5 thoughts on “Maps, mind and memory

  1. Charles

    You remind me of Robert Venturi’s book “Learning from Las Vegas,” as I recall it, he compared navigation around auto-centric cities like Los Angeles to the air races in the Nevada desert. The planes raced around tall pylons as navigational waypoints, and LA driving had similar tall landmarks for automobiles to navigate by. The comparison is appropriate, since LA used to have dozens of little airports, and some of the tall buildings actually had towers with lights intended for airplane navigation. And that’s exactly the way I used to drive in LA. My landmark for driving to work was the old Mutual of Omaha tower at Wilshire and La Brea, it used to have a navigational beacon on top.
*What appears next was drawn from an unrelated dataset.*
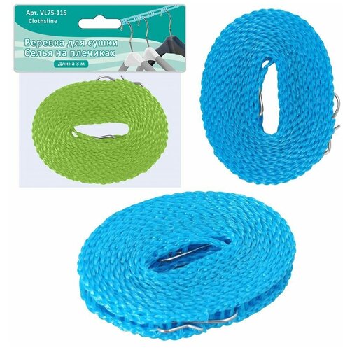 Веревка для сушки белья на плечиках. Длина 3м. 2цв.
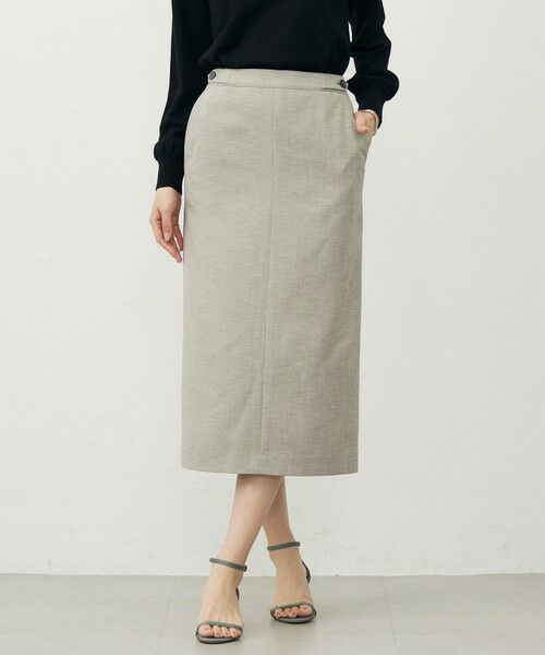 ■デザイン程よく身体のラインから離れたIラインシルエットのスカート。少しだけ裾に向かってゆとりを入れ、スタイリングが品よく着こなせる絶妙なバランスに仕上げました。後ろにスリットを入れているので脚さばきもよく、軽やかさのある穿き心地です。前ウエストにはタブディテールを効かせ、さりげないアクセントに。後ろウエストはゴム仕様で、きちんと感がありながらラクな穿き心地も叶えました。総裏ありです。

I always thought of driving around LA as a point-to-point route, you don’t stop in the unfamiliar territory between endpoints. Even the language of driving expresses this, you drove up on the freeway, or down on the “surface” streets.

    Anyway, I was thinking about this because of a recent article in the LA Times about GPS navigation.

    There are lots of surface shortcuts to route around freeway congestion, but most people don’t know them. But now GPS apps like Waze optimize for shortest duration trip, not shortest distance. So when the freeways are clogged, everyone is rerouted through residential neighborhoods. And the local residents are having a fit about all the new traffic. That is hilarious.

  2. Hugh Fisher

    Enjoyable though wayfaring and navigation without GPS may be, it is sometimes the cause of “dire consequences” rather than the cure. Remember flight KAL 007 back in 1983? A GPS user-centred map would probably have saved 269 people from being killed when they strayed over the wrong border. For a more common case, imagine being a young woman in a strange city trying to find your hotel as night falls. Forming a cognitive model of your surroundings won’t exactly be a priority.

    I do agree with you that we over-automate things. I would much prefer a GPS navigator that instead of giving you directions, only spoke up when you seemed to be wandering off course.

  3. Nick Post author


    Yes, there are plenty of circumstances in which GPS can be an invaluable tool.

    KAL 007 is a complicated case. One could argue that it serves as a warning about an overreliance on automated navigation systems. (The pilots were certainly not wayfaring when the autopilot-controlled plane drifted off course.)


  4. lee

    to me, wayfaring/transport and navigation are two separate tasks. i use GPS to free myself from the task of navigation so that i can more fully enjoy being “immersed in the landscape, attuned to its textures and features”. and the times when i do go in to transport mode, it really doesn’t matter whether i’m using a GPS or not, im still in “transport” mode. wayfaring and transport are two different ways of traveling and are totally unrelated to how i navigate my travels.